Submissions 7 The submission of counsel for Priolo is that, given the disparity between the amount offered in the Calderbank offer and the amount ultimately awarded, that it was unreasonable for Vantage to reject the offer. 8 The submission of counsel for Vantage is that the outcome of the trial was difficult to predict and therefore it was not unreasonable for Vantage to reject the offer. In support of this contention counsel for Vantage relied upon an observation made in my decision in Priolo Corporation Pty Ltd v Vantage Systems Pty Ltd where I observed as follows: The task in this matter of ascertaining objectively the intention of the parties is difficult. Although the parties rely upon the wording in emails before and after the alleged agreement for lease and the surrounding conduct of the parties to support their positions, in many instances the wording of emails and the conduct of the parties is equivocal. [66] (Page 6)
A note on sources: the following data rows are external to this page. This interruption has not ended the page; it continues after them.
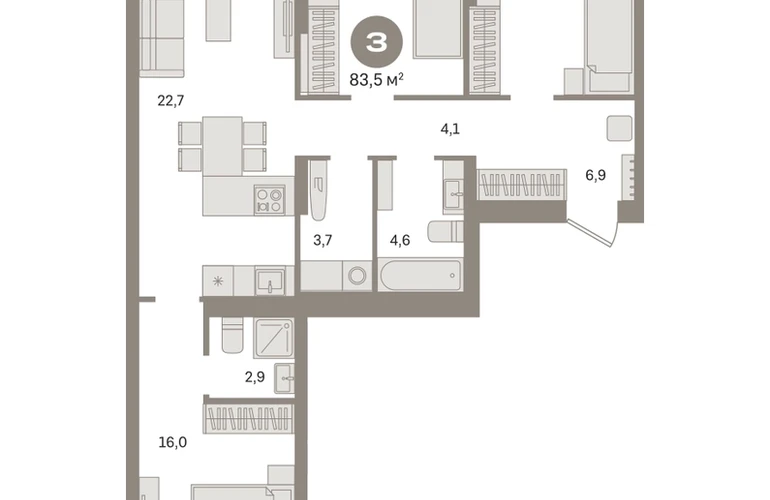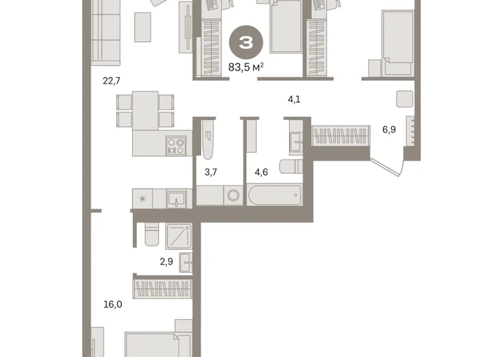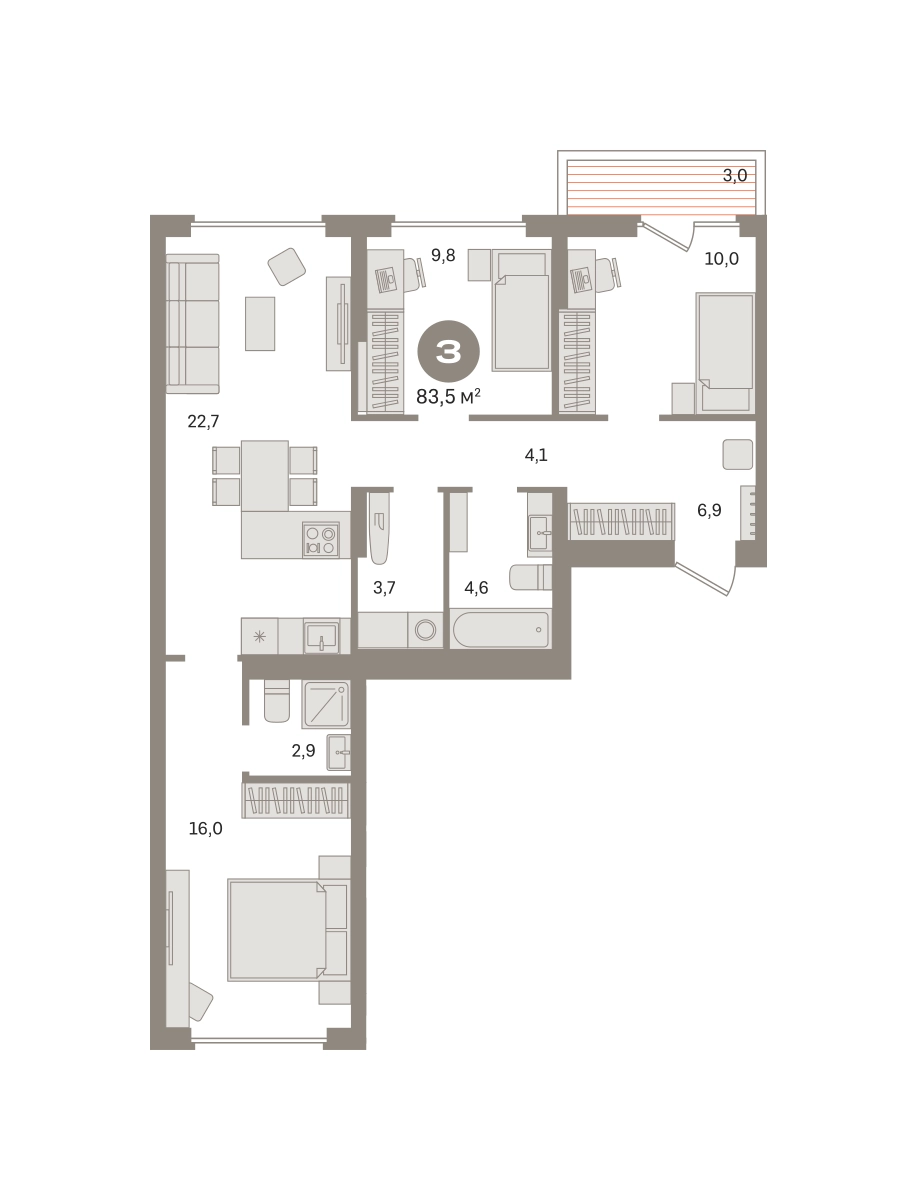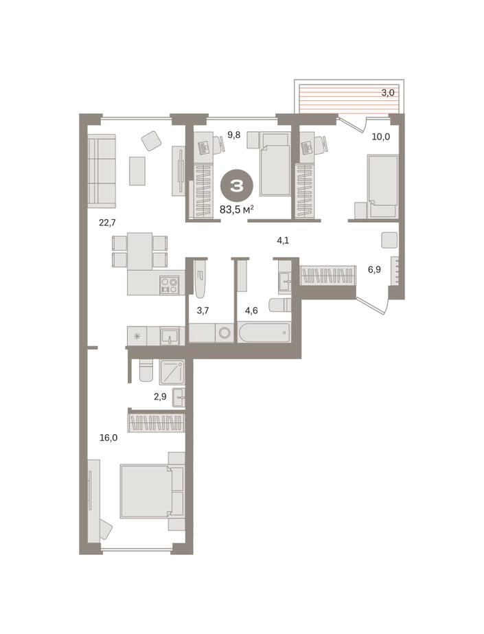 Квартира с кухней-гостиной и тремя спальнями в «Первом квартале». Особенности планировки: окна на две стороны, вид во двор, разнесённые спальни, предчистовая отделка, мастер-спальня, постирочная, балкон. № квартиры в нашей базе: МТК05-Ж3.5.6.О застройщике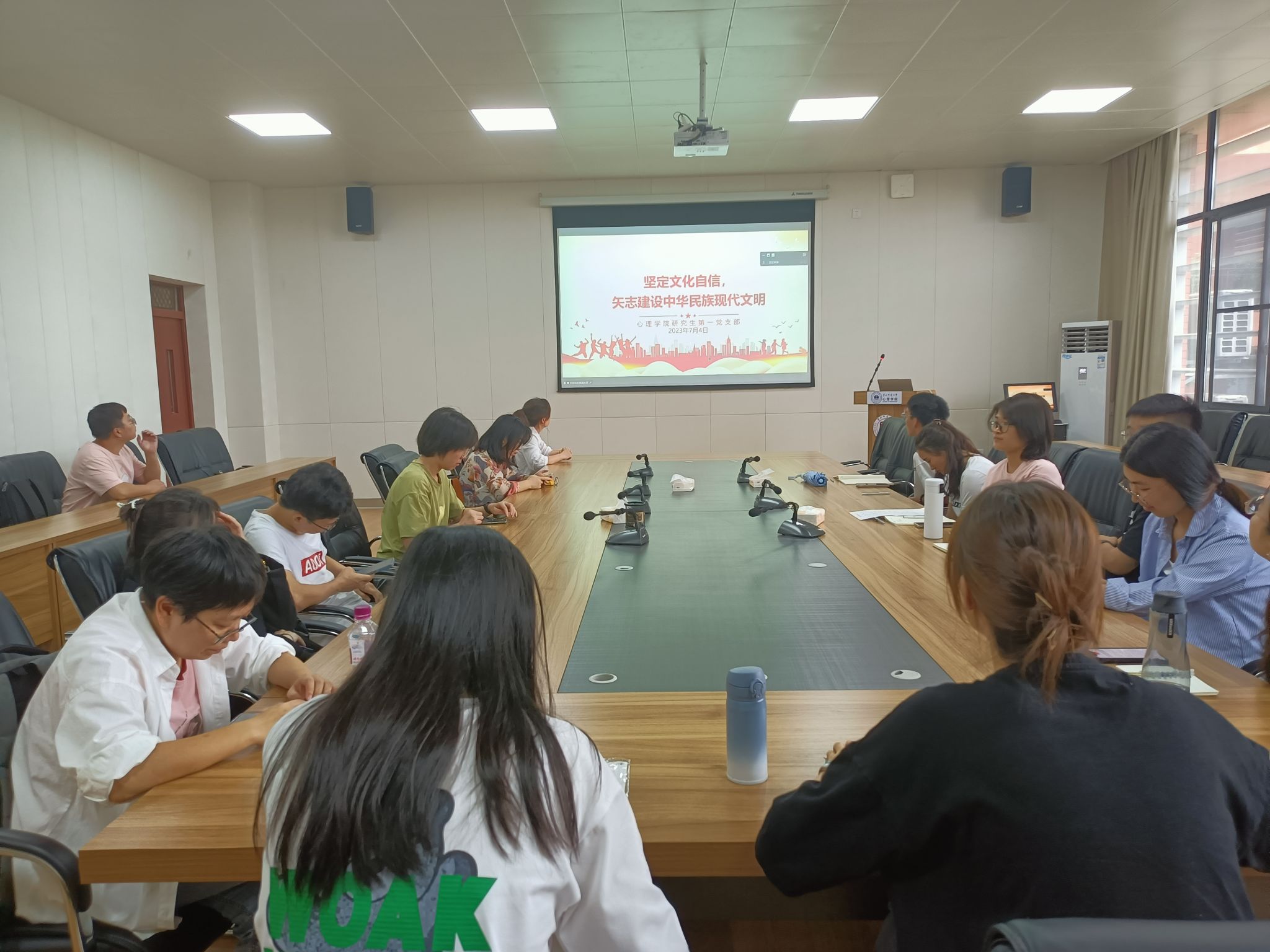 为深入开展学习贯彻习近平新时代中国特色社会主义思想主题教育,切实增强开展主题教育的思想自觉、政治自觉、行动自觉,推进主题教育走深走实。7月4日,437ccm必赢国际官网研究生第一党支部开展了主题为“坚定文化自信 矢志建设中华民族现代文明”党日活动。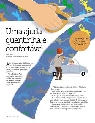 Quando chegaram em casa, a mãe de Alex mostrou a ele como deixar o tecido reto e medir o quanto ele iria precisar para fazer um cachecol. Ele cortou o tecido cuidadosamente com a tesoura. Depois, fez vários cortes nas extremidades para fazer a franja. Em pouco tempo, Alex fez seis cachecóis alegremente coloridos. Havia uma pilha enorme de tecido sobrando.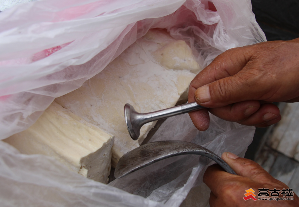 把米交给卖糖人,他会拿出一杆小小的秤称一下,然后将糖刀嵌入糖块后,用小钉锤轻轻敲击,只听见清脆的“叮叮”几声后,几小块叮叮糖就被敲落下来。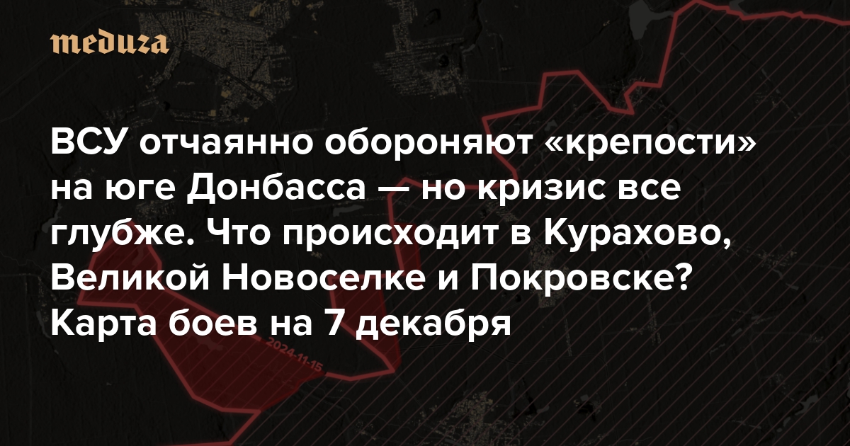 Российская армия пытается окружить поселок, который был форпостом обороны ВСУ в Донбассе с самого начала войны. Его захват откроет путь к наступлению в направлении Днепра Карта боев на 7 декабря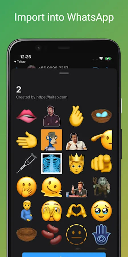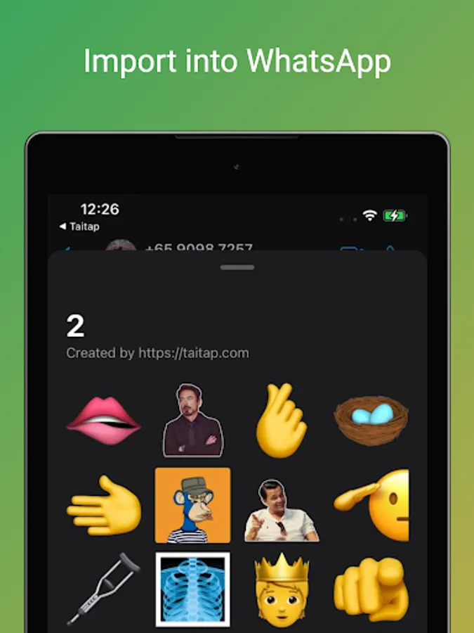 In this app you can browse NFT stickers that creators have made available at the https://taitap.com marketplace, and you can import any that you own directly into WhatsApp as stickers to use in your conversations with friends and family.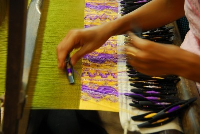 1 m x 20 cm bir kumaş için 70 bin adet Lotus çiçeği gövdesi (sopası) gerekiyor. Bu dokumaların metresi 100 Dolar.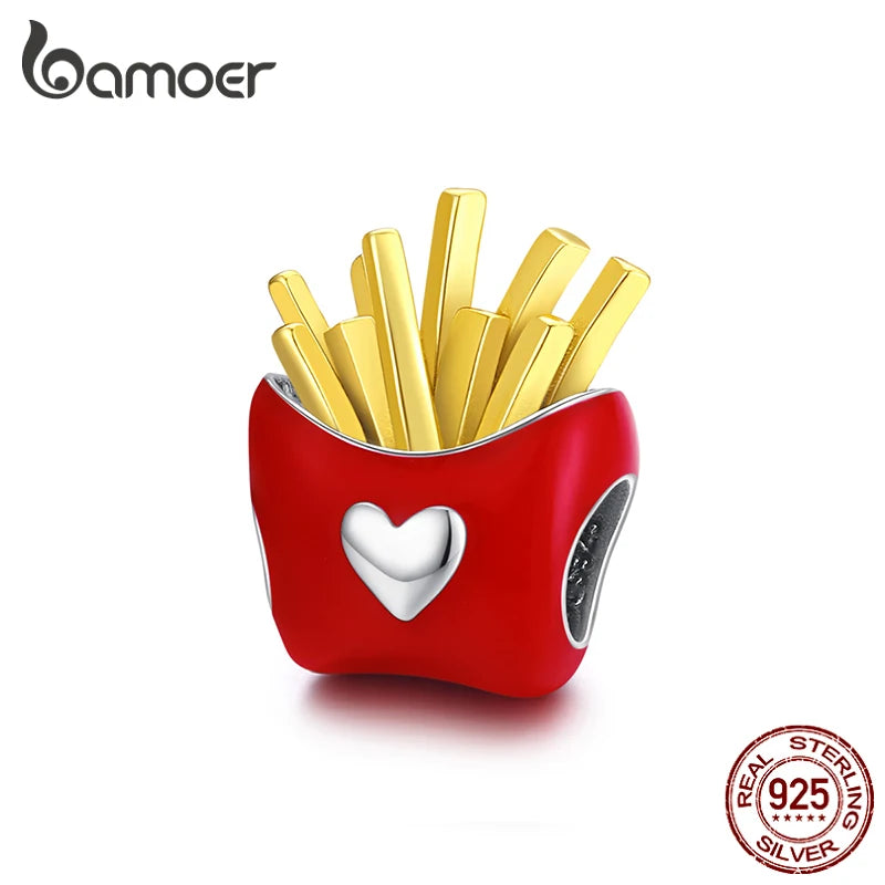 Bamoer Köstliche Pommes Metall Perlen Sterling Silber 925 Emaille Charme fit Original Silber Armband DIY Schmuck machen SCC1606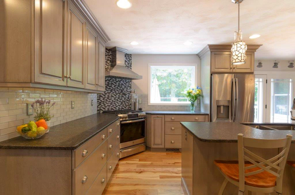 This large traditional kitchen remodel is a homeowner’s dream! A large island, gorgeous backsplash, chandelier…and more. Take a look at the pictures below and contact us today to start designing your dream kitchen.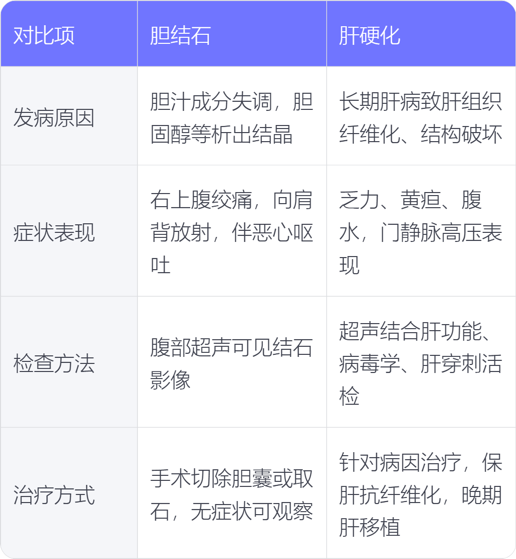 膽結石和肝硬化在發病原因、症狀表現、檢查方法、治療方式上存在不同。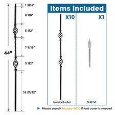 Muzata 10p 44” Wrought Iron Balusters Black Double Basket Twist Hollow WT05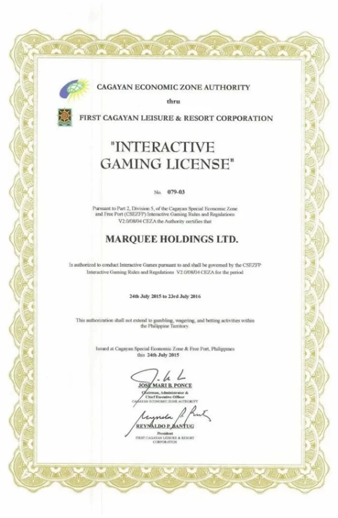 | Chứng nhận PAGCOR là chứng nhận về chất lượng và uy tín của nhà cái do Philippine cung cấp. Để đạt được chứng nhận này nhà cái TK88 cần phải đáp ứng đầy đủ về công nghệ cá cược và danh tiêng trong thị trường. Chứng nhận này giúp tăng độ tin cậy của casino đối với khách hàng |

Conclusions 9 It is not in dispute that the Calderbank offer of Priolo was a genuine and reasonable attempt by Priolo to settle the action. The offer it presented (which was inclusive of costs) was significantly below the amount claimed and the amount ultimately awarded. Of course, in exchange for the reduction in its claim, Priolo was buying certainty if the offer was accepted. The fact that the Calderbank offer was a reasonable offer of settlement does not necessarily mean that the rejection of the offer by Vantage was unreasonable. Different considerations arise when one considers the reasonableness of the conduct of Vantage in response to the offer. The trial of this action commenced on 17 June 2013 so that the Calderbank offer of settlement was presented approximately three months before trial. The action had by that time been in progress for over two and a half years. Inevitably, Vantage would have incurred significant costs in the action up to this point and was being asked to pay a further $100,000 to settle the action. I accept that in the circumstances of this case it would have been difficult to predict the outcome of the trial and, although there was some commercial attractiveness to accepting the offer, I am not satisfied that it was unreasonable for Vantage to reject the Calderbank offer, notwithstanding the public policy consideration that I have earlier referred to. To accept the offer would have meant the abandonment of the costs incurred up to that time and an obligation to pay a further significant amount in settlement of the action. Accordingly, I dismiss the application for indemnity costs. Vantage does not oppose an order to pay Priolo the costs of the action to be taxed on a party/party basis and an order will be made in these terms.